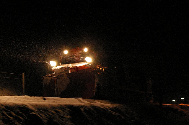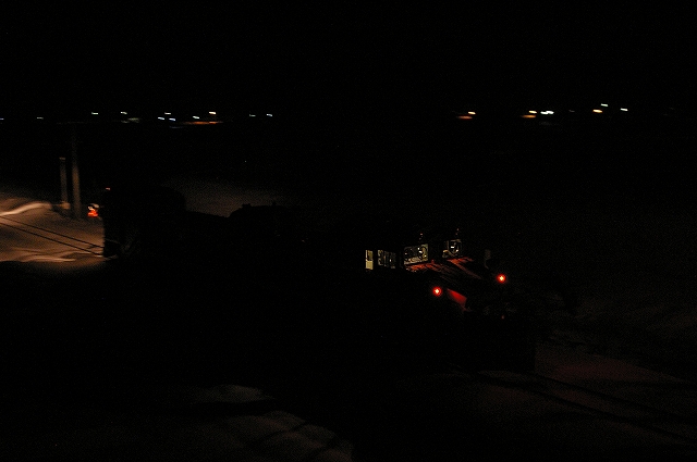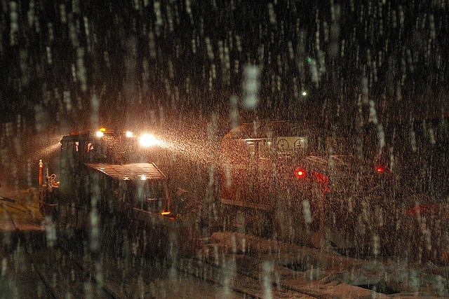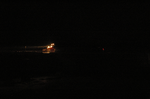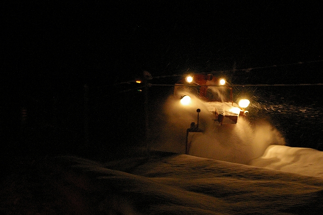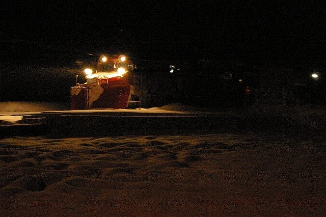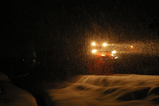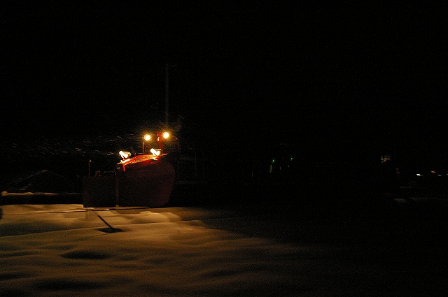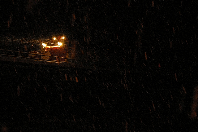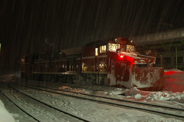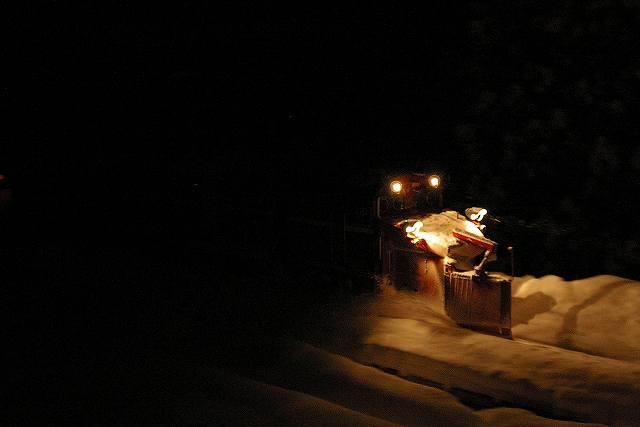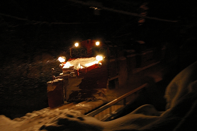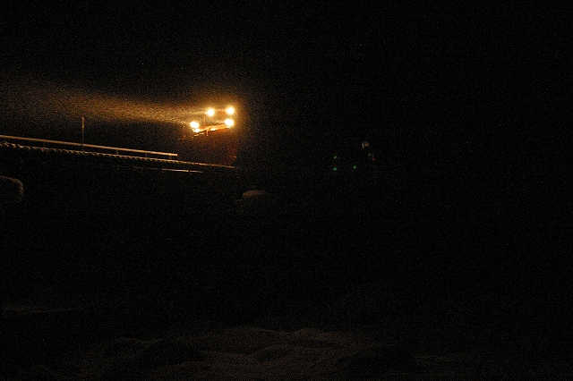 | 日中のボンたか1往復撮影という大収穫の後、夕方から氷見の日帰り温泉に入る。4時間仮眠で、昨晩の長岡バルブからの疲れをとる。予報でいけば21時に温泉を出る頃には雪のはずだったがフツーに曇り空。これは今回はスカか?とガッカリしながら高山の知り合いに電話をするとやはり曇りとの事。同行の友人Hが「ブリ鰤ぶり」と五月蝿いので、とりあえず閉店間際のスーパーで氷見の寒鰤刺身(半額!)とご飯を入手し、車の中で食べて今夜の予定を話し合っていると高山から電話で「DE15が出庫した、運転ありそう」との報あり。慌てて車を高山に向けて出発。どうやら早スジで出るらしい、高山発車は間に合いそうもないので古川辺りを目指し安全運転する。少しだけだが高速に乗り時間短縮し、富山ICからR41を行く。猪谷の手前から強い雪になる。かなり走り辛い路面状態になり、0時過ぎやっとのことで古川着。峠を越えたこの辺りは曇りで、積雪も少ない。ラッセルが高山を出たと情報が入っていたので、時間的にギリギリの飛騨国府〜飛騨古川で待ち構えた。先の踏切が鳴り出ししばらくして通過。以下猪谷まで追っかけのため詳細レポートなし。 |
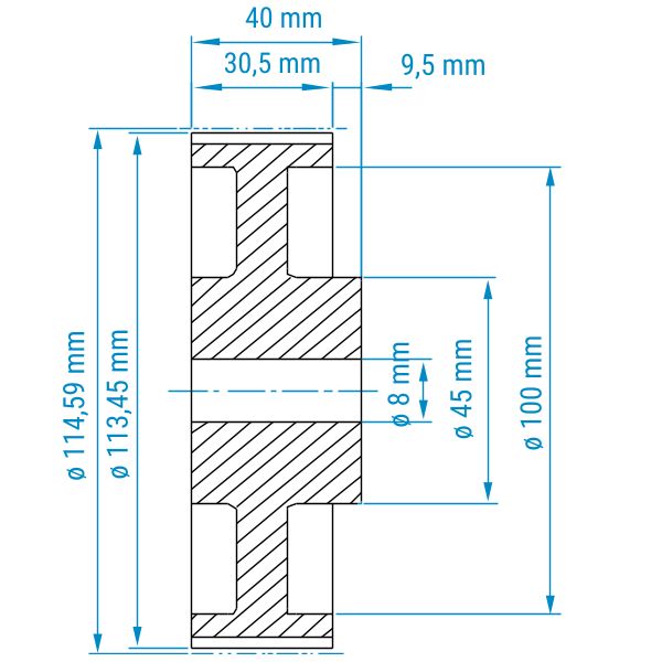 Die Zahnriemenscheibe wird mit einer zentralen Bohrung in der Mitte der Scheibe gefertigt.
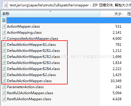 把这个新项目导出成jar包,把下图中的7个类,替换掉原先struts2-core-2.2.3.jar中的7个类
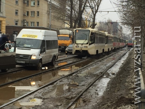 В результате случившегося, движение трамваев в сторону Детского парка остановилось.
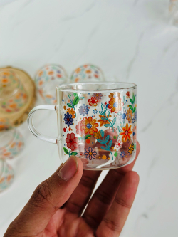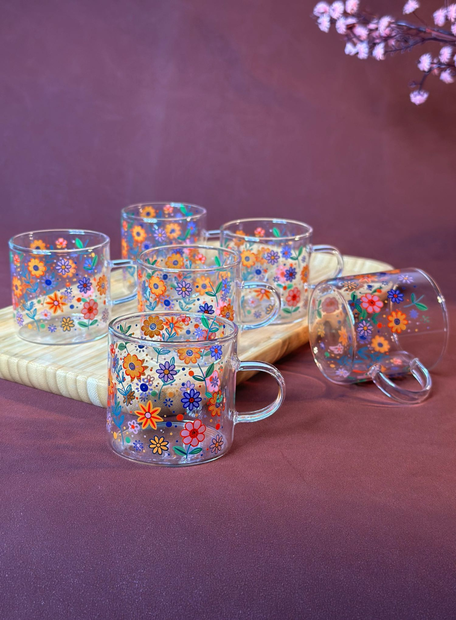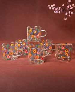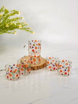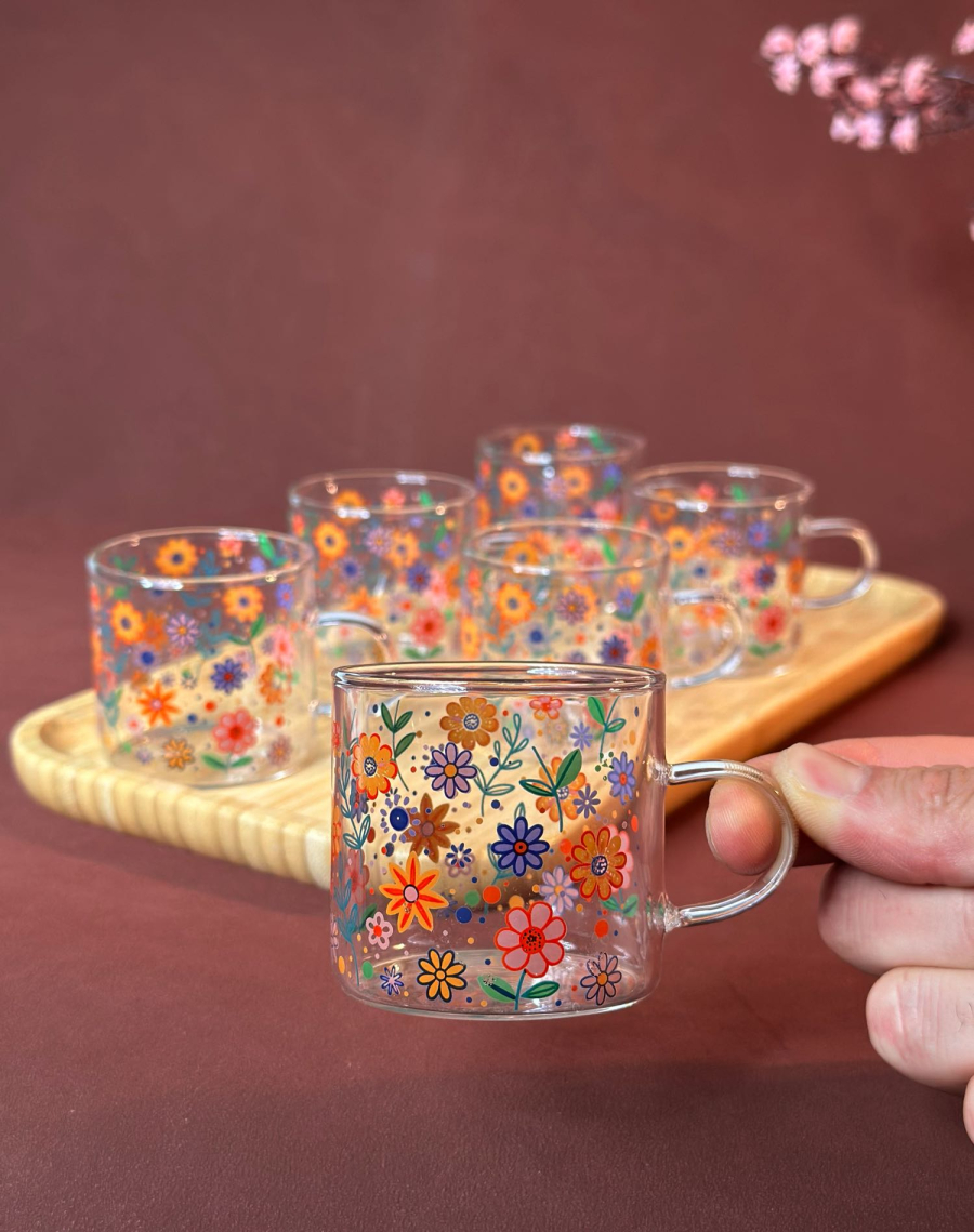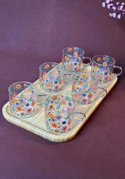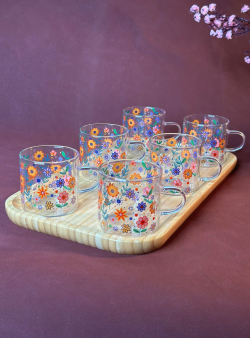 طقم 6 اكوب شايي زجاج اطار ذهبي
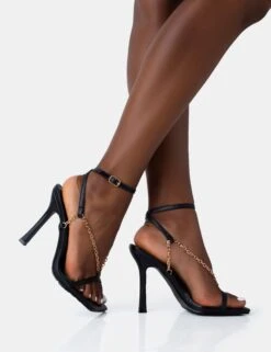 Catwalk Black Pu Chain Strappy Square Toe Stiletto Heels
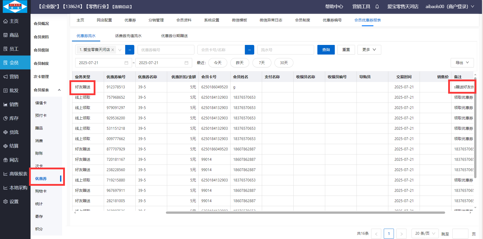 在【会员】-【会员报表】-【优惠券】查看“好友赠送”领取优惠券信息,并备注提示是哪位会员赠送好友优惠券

### Prompt:
Output exactly the lines from the one containing "Catwalk Black Pu" through the last line of the records above, both included, and leave out the pictures.

### Task result:
 Catwalk Black Pu Chain Strappy Square Toe Stiletto Heels
 在【会员】-【会员报表】-【优惠券】查看“好友赠送”领取优惠券信息,并备注提示是哪位会员赠送好友优惠券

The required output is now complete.